Modularity and development: the case of spatial reorientation.

In a series of experiments, young children who were disoriented in a novel environment reoriented themselves in accord with the large-scale shape of the environment but not in accord with nongeometric properties of the environment such as the color of a wall, the patterning on a box, or the categorical identity of an object. Because children's failure to reorient by nongeometric information cannot be attributed to limits on their ability to detect, remember, or use that information for other purposes, this failure suggests that children's reorientation, at least in relatively novel environments, depends on a mechanism that is informationally encapsulated and task-specific: two hallmarks of modular cognitive processes. Parallel studies with rats suggest that children share this mechanism with at least some adult nonhuman mammals. In contrast, our own studies of human adults, who readily solved our tasks by conjoining nongeometric and geometric information, indicated that the most striking limitations of this mechanism are overcome during human development. These findings support broader proposals concerning the domain specificity of humans' core cognitive abilities, the conservation of cognitive abilities across related species and over the course of human development, and the developmental processes by which core abilities are extended to permit more flexible, uniquely human kinds of problem solving.

Mechanisms of reorientation and object localization by children: a comparison with rats.

Neurophysiological studies show that the firing of place and head-direction (HD) cells in rats can become anchored to features of the perceptible environment, suggesting that those features partially specify the rat's position and heading. In contrast, behavioral studies suggest that disoriented rats and human children rely exclusively on the shape of their surroundings, ignoring much of the information to which place and HD cells respond. This difference is explored in the current study by investigating young children's ability to locate objects in a square chamber after disorientation. Children 18-24 months old used a distinctive geometric cue but not a distinctively colored wall to locate the object, even after they were familiarized with the colored wall. Results suggest that the spatial representations underlying reorientation and object localization are common to humans and other mammals. Together with the neurophysiological findings, these experiments raise questions for the hypothesis that hippocampal place and HD cells serve as a general orientation device for target localization.

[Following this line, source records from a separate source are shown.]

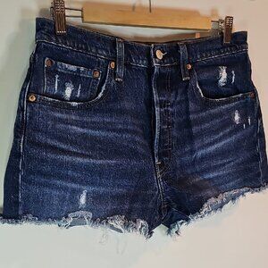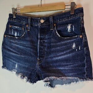 Levi's 501 Blue Distressed Denim Button Fly 32" Waist Jean Shorts
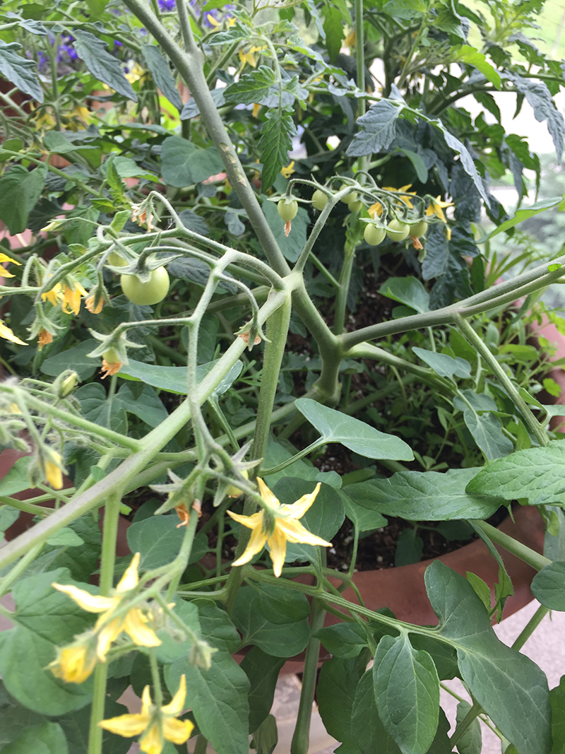 le balcon est tout beau, et tu as déjà des tomates, je n’en reviens pas de ton climat, qui souffle le chaud et le froid, quelle différence d’il y a deux mois!!
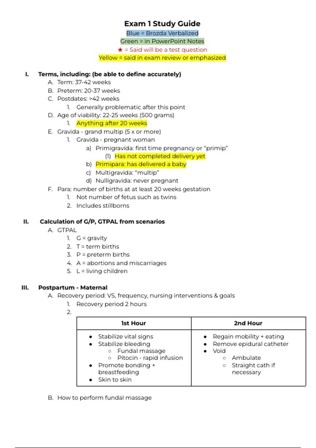 n663: OB USFCA MEMSN Exam 1 OB Notes & Review
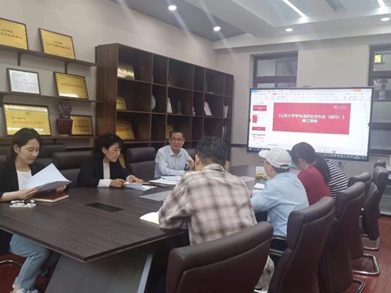 最后,与会人员一起学习了《万象城awc官网登录入口违纪处分办法(试行)》,张乃亭解读了新办法的主要内容和修订变化。
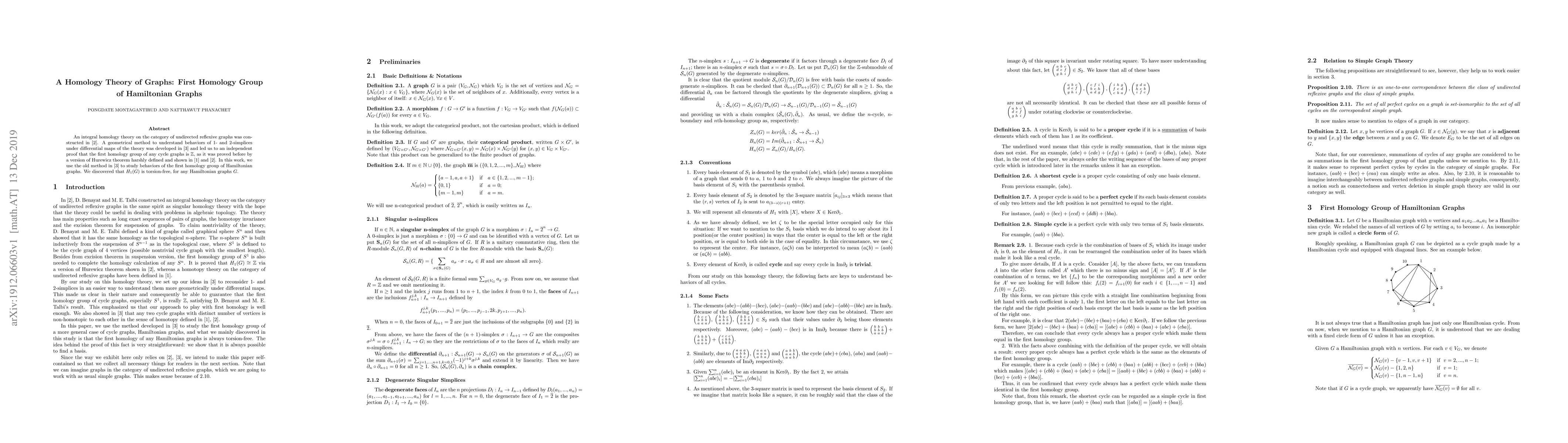 An integral homology theory on the category of undirected reflexive graphs was constructed in [2]. A geometrical method to understand behaviors of $1$- and $2$-simplices under differential maps of the theory was developed in [3] and led us to an independent proof that the first homology group of any cycle graphs is $\mathbb{Z}$, as it was proved before by a version of Hurewicz theorem harshly defined and shown in [1] and [2]. In this work, we use the old method in [3] to study behaviors of the first homology group of Hamiltonian graphs. We discovered that $H_1(G)$ is torsion-free, for any Hamiltonian graphs $G$.
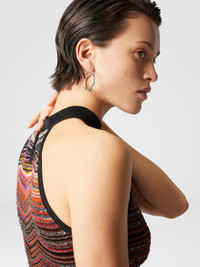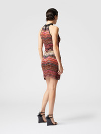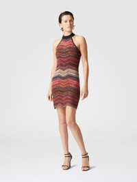 This sleeveless halter neck mini-dress features a lame chevron knit embellished with sequins that give a seductive glow. The sleeveless style and halter neckline emphasize a modern and bold line, revealing Missoni's sartorial mastery in combining fine materials with contemporary designs. MORE DETAILS - Long dress - Chevron Processing - Lame filaments - Decorative Sequins - Neck strap Composition: EXTERNAL:79%Rayon, 10%Metal Fiber, 6%Polyamide, 5%Polyester; LINING : 82%Polyester, 18%Elastane Care instructions: Dry cleaning in tetrachloroethene - mild process ; Ironing maximum temperature 110°C - without steam ; Wash in net bag ; Wash inside out ; Iron inside out ; Do not tumble dry ; Dry flat ; Do not wash ; Do not bleach Made in: Italy Product ID DS25SG23BK045DSM9MI
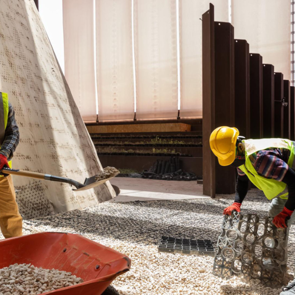The Netherlands Pavilion was built with sustainability in mind, being a temporary structure designed to be used for only six months. Raw and recyclable materials were purposefully chosen when constructing the Netherlands Pavilion. Maarten Veerman, project manager at Witteveen+Bos for the Netherlands Pavilion, explains: ‘The pavilion was designed with circularity in mind. This is reflected in the choice of materials used for all components, including structural elements. Our team worked with a structure of steel sheet piles and steel tubes, as those materials are widely available and known for their reusability. Sheet piles are often used in temporary structures and many companies rent them out, contributing to the project’s fully sustainable nature.’
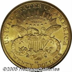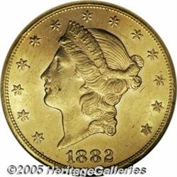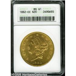 <B>1882-CC $20 MS61 ANACS.</B></I> A sharply struck Carson City representative with especially vibrant luster on the reverse. The obverse is refreshingly devoid of significant contact. A handling mark to the right of the shield is not apparent at first glance.<BR><I>From The Richard J. Chouinard Collection of United States Coins, Part Three.</B></I>
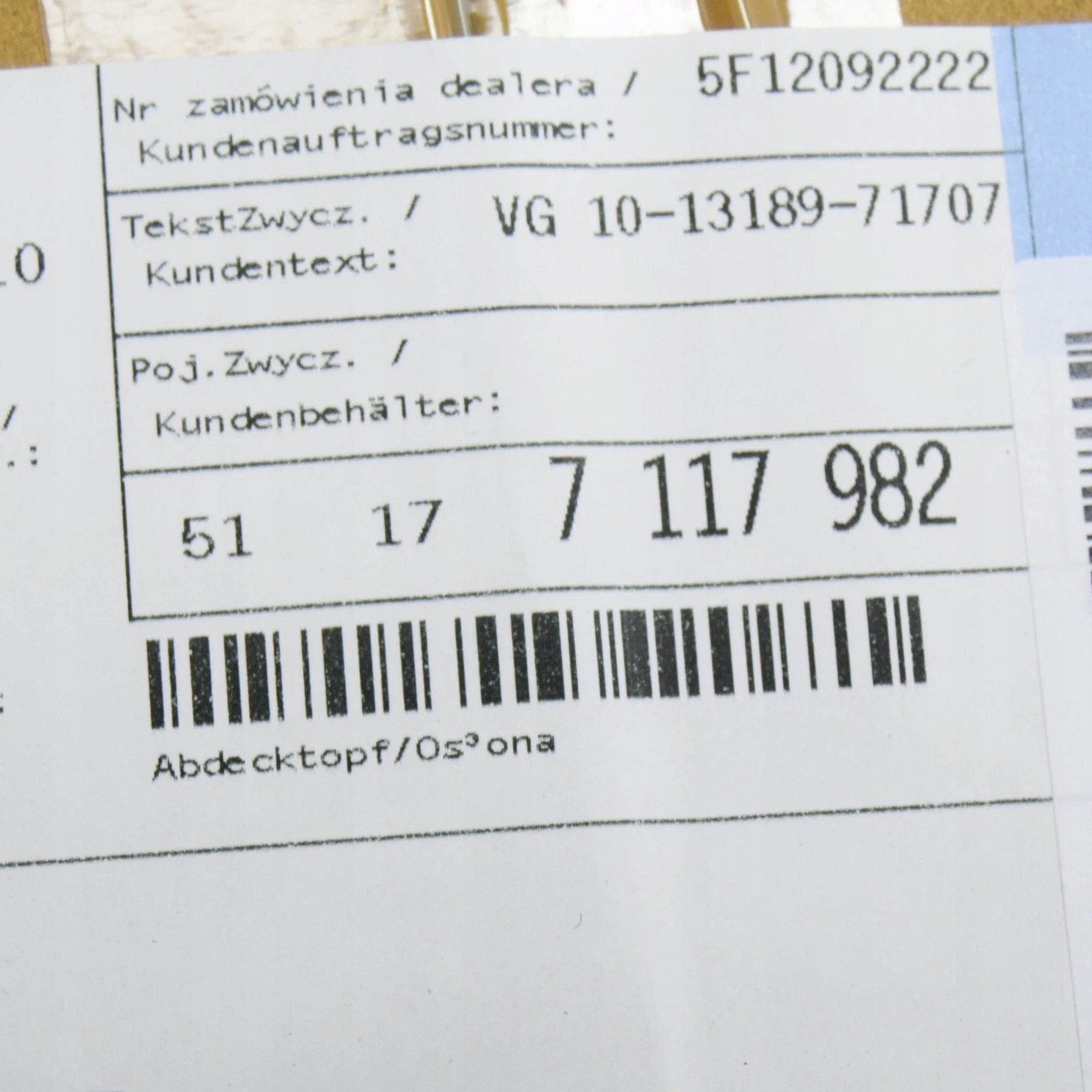Оригінальний каталожний номер: 51-17-7-117-982
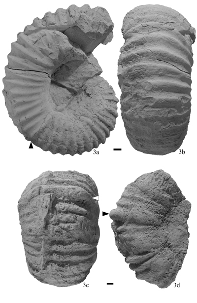 Figure 3: a-b) Cheloniceras sp. of 210 mm of maximum diameter lateral (3a) and ventral (3b) views of the specimen UMMP 16414. Black triangle indicates the end of the phragmocone. El Mulato Ranch, Durango State; c-d) Epicheloniceras sp., ventral (3c) and lateral (3d) views of the specimen UMMP 23215. White and black triangles indicate the equivalent ventral tubercle, characteristic of this genus. North of Rio Nazas Valley, Durango State. Scale bar is 10 mm.
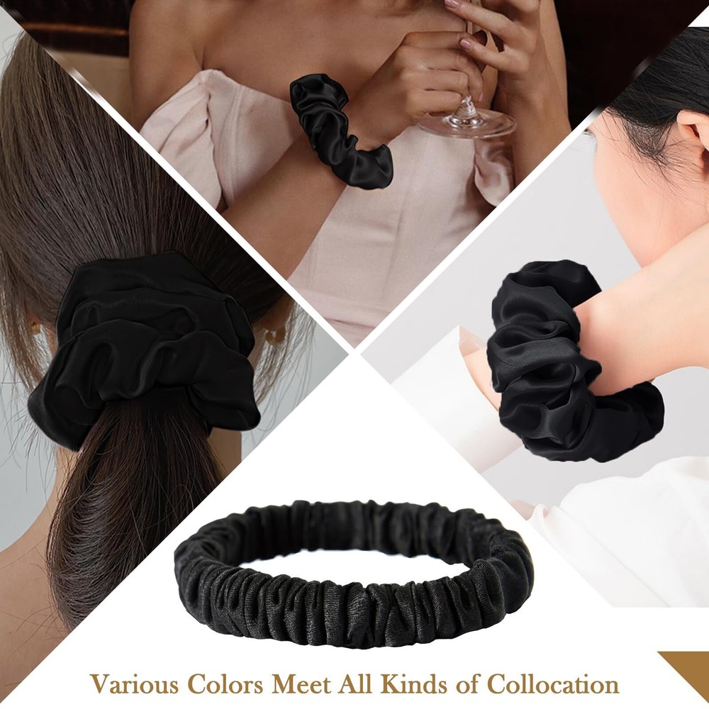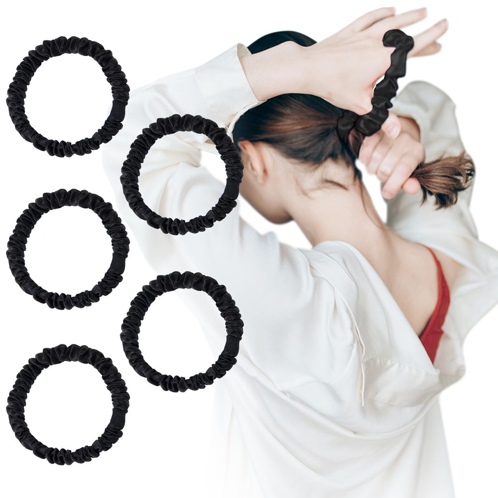 These silk scrunchies are a game-changer for my hair! Super soft, gentle, and keeps my hair tangle-free—no more breakage or painful marks. The elastic holds well without being too tight, and the quality feels luxurious. Perfect for all-day wear! Love having 5 in black—stylish and practical. A must-have for anyone who cares about hair health.
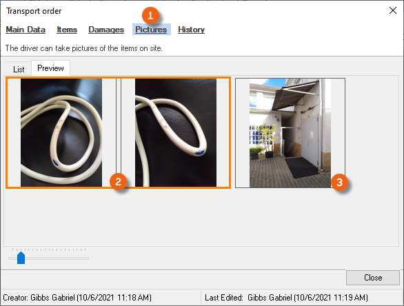 The Pictures section contains all the pictures created for this order in the Venue Equipment Tracker App, all pictures of the damage the pictures taken directly using the Pictures function, e.g. to document the delivery location .
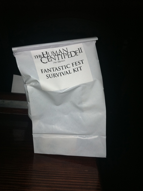 The next item up on the agenda, was to make everybody aware of the Human Centipede Survival Kit which stood on the table before them. This kit consisted of but a staple remover inside a barf bag, and I immediately hoped I would not be needing the use of either. Then, after all the silly gags had been put to rest, it was time for a brief Fantastic Fest bumper (consisting of video from an actual vasectomy procedure), and then the main event.
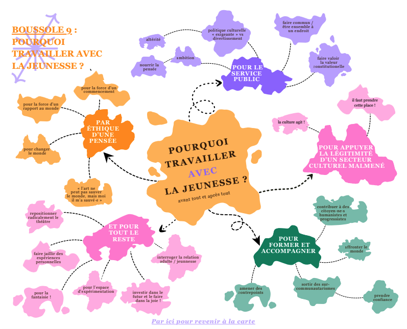 De ce travail est né un document composé d’une carte et de dix « boussoles ». Pensé comme un outil de navigation, il propose des repères pour accompagner les pratiques d’intervention et ouvrir des pistes d’action dans le champ du spectacle vivant. Il ne s’agit pas d’un modèle à suivre, mais d’un support pour expérimenter, ajuster, et construire des relations plus attentives, durables et transformatrices avec les jeunes.
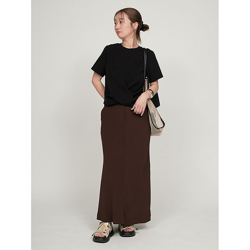 クロップド丈のねじりディテールをポイントにひとくせあるコーディネートが楽しめます。
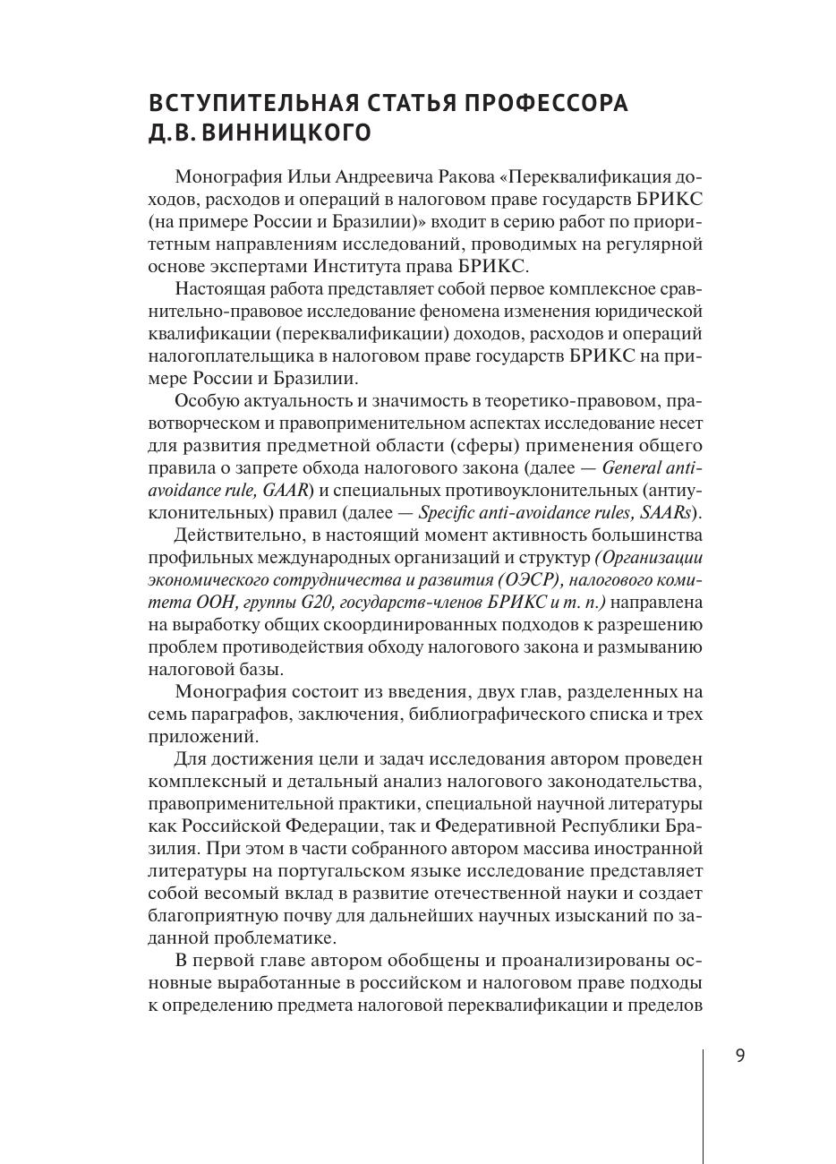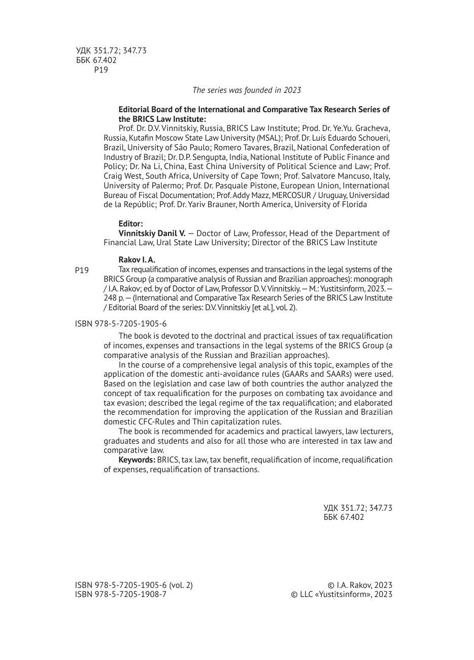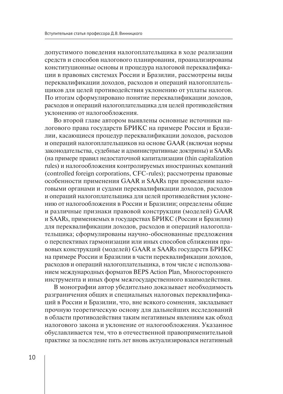 Книга посвящена доктринальным и практическим проблемам переквалификации доходов, расходов и операций в налоговом праве государств БРИКС на примере подходов в правовых системах России и Бразилии. В ходе комплексного правового анализа данной темы использованы примеры применения общих (GAARs) и специальных (SAARs) антиуклонительных норм. На основе законодательства и правоприменительной практики указанных юрисдикций сформулировано понятие налоговой переквалификации для целей противодействия уклонению от уплаты налогов, предмет налоговой переквалификации, описан его правовой режим, выявлены особенности и даны рекомендации для целей совершенствования применения российских национальных «Правил КИК» (CFC-rules) и «Правил о недостаточной капитализации» (Thin capitalization rules). Для ученых и практикующих юристов, преподавателей, аспирантов и студентов юридических вузов, а также для всех интересующихся проблемами налогового права и сравнительного правоведения.

Internally coherent spatial memories in a mammal.

Children aged 3.5-4.0 years were shown objects being hidden in three different locations in a rectangular environment, were disoriented to disable dead reckoning, and were asked without feedback where each object was. Results showed that children's spatial memories were internally coherents the locations subjects chose were in a correct spatial configuration relative to one another as well as to environmental geometry, despite the fact that the environment's symmetry would have revealed any individual binding of memory for object positions to local environmental features. This finding of internal coherence in the spatial representation of one mammal is discussed relative to neural and behavioral findings on navigation and spatial memory in mammals more generally.

A geometric process for spatial reorientation in young children.

Disoriented rats and non-human primates reorient themselves using geometrical features of the environment. In rats tested in environments with distinctive geometry, this ability is impervious to non-geometric information (such as colours and odours) marking important locations and used in other spatial tasks. Here we show that adults use both geometric and non-geometric information to reorient themselves, whereas young children, like mature rats, use only geometric information. These findings provide evidence that: (1) humans reorient in accord with the shape of the environment; (2) the young child's reorientation system is impervious to all but geometric information, even when non-geometric information is available and is re-presented by the child--such information should improve performance and is used in similar tasks by the oriented child; and (3) the limits of this process are overcome during human development.